Semantic segmentation-based methods for crop/weed classification

This sections highlights significant pixel-level crop–weed classification methods. These deep learning models provide inference for every pixel in the image, this way the resultant detections of crop, weed and background show a smooth profile outline. Sa et al. (2018) and Abdalla et al. (2019) proposed semantic segmentation-based frameworks involving pixel-level classification of crops and weeds in the field. Kamath et al. (2022) applied SegNet and UNet to classify weeds in paddy crops. Hashemi-Beni et al. (2022) also used SegNet and UNet for crop and weed classification in a sugarcane dataset. However, these networks did not demonstrate encouraging results in terms of the classification of crops and weeds. This is apparently due to the usage of a single classifier to distinguish among three classes (background, crop, and weed); as the background class is more distinctive, it gets classified more accurately, whereas crop and weed classes need more attention. Better pixel accuracy is expected to be achieved using a sequential concatenation of two semantic segmentation models as proposed by Kim and Park (2022), MTS-CNN network composed of two UNet models connected as one.
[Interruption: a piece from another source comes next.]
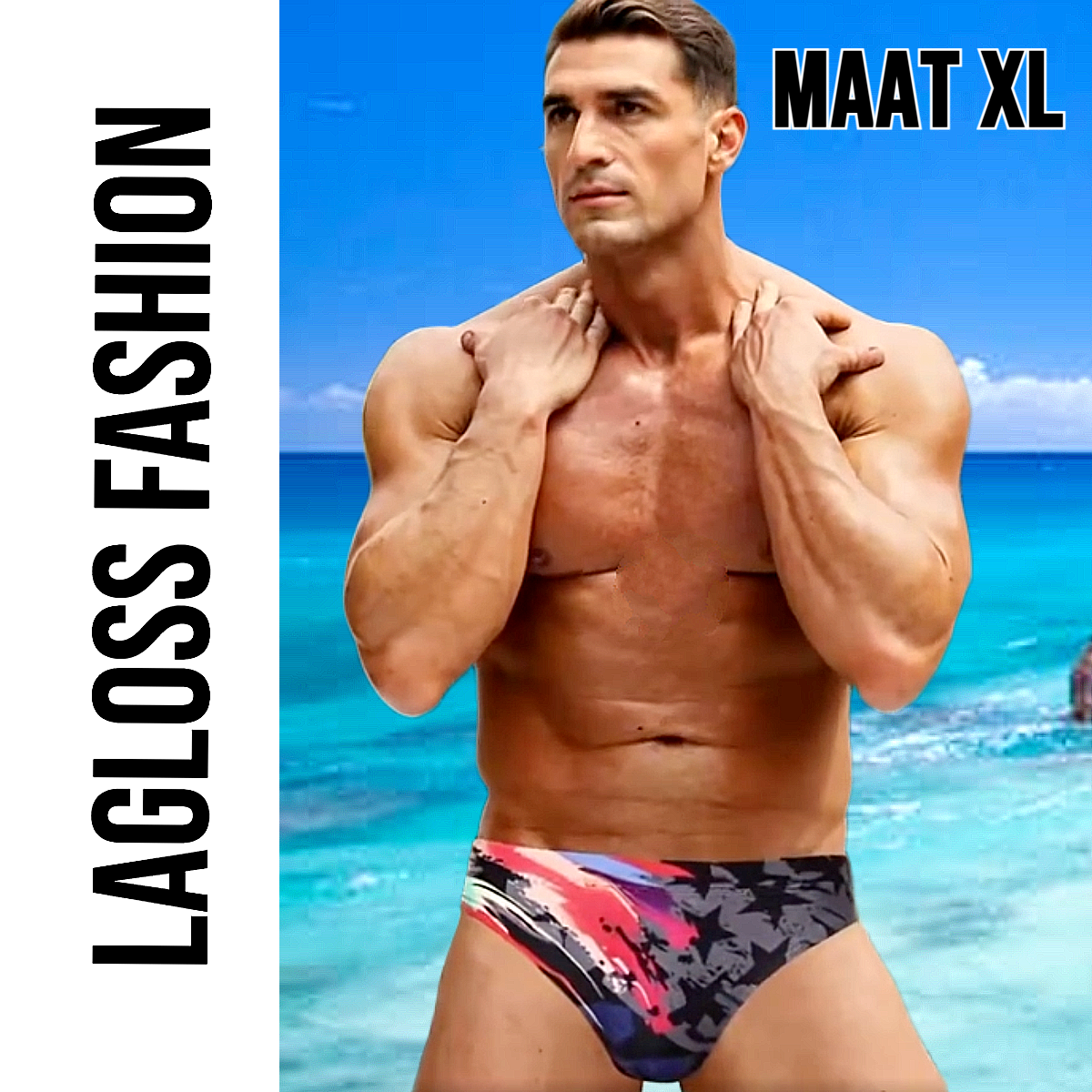 LaGloss® Heren Kleurige Sterren Design Zwemslip Zwembroek - Driehoekig - Sportief - Stretch – Comfortabel - Sneldrogend & Lichtgewicht - Maat XL

It has two stages, each using an encoder size of four. This is the best semantic segmentation classifier so far to the best of our knowledge however, there remains room to improve further and optimise this network to differentiate between background, crop, and weed efficiently.

Semantic segmentation is the best fit deep learning technique if we want pixel-level classification or if we want a fine profile of detections of crop, weed and background classes. Moreover, a two stage application of semantic segmentation is more accurate as compared to single stage semantic segmentation in the case where target is weed classification in agricultural crops as suggested by Kim and Park (2022). Kim and Park (2022) proposed a two-stage semantic segmentation model that shows promising results for crop and weed classification, and we propose to optimize this model further.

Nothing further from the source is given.